BRIAN PERKINS; HON. RICHARD M.
JOINER, ADMINISTRATIVE LAW JUDGE;
AND WORKERS' COMPENSATION BOARD
APPELLEES
OPINION
AFFIRMING
** ** ** ** **
BEFORE:
ABRAMSON, GUIDUGLI, AND VANMETER, JUDGES.
GUIDUGLI, JUDGE:
Highlands Mining & Processing, Inc., petitions
this Court for review of an opinion of the Workers’ Compensation
Board reversing and remanding a decision of the Administrative
Law Judge.
The Board held that liability for a retraining
incentive benefits award should rest with Highlands Mining since
it was the last employer with whom Brian Perkins worked as of
the date his claim was submitted to the consensus procedure.
For the reasons stated below, we affirm the Board’s opinion.

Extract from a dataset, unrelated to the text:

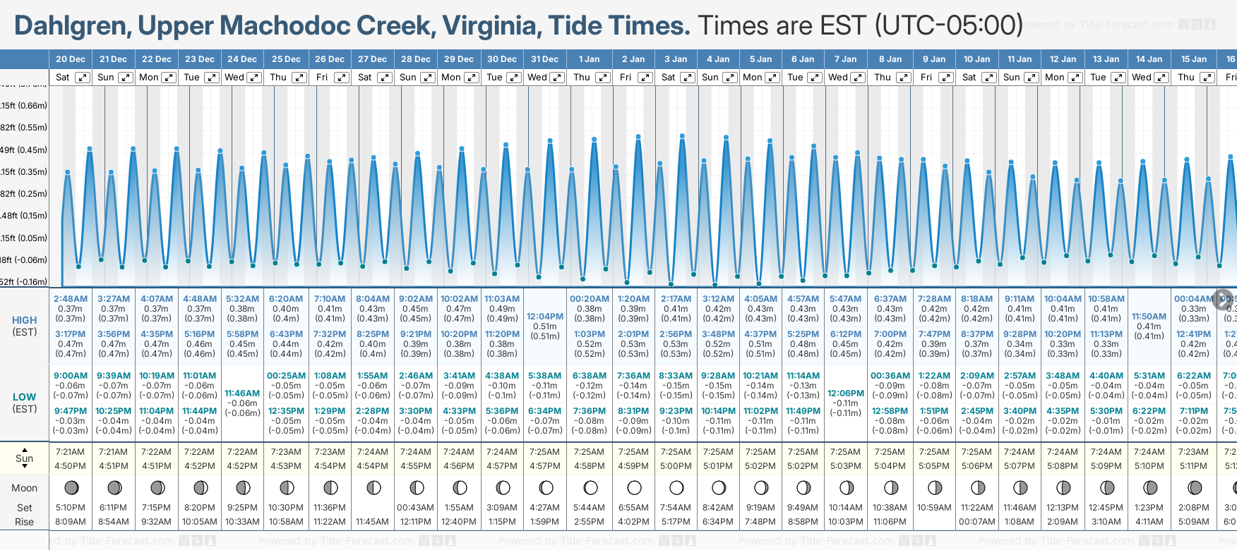 Dahlgren, Upper Machodoc Creek tide times for December and January

The facts are not in controversy and are sufficiently
detailed in the record.
Having closely examined the written
arguments, the record and the law, we have concluded that we
cannot improve upon the well-written opinion of the Board.
In
the interest of judicial economy, and as no good purpose would
be served in restating the Board’s analysis in our own language
only to reach the same conclusion, we adopt the Board’s opinion
as that of this Court.
The Board stated in relevant part as
follows:
Perkins has worked as an underground
coal miner for more than twenty-two years.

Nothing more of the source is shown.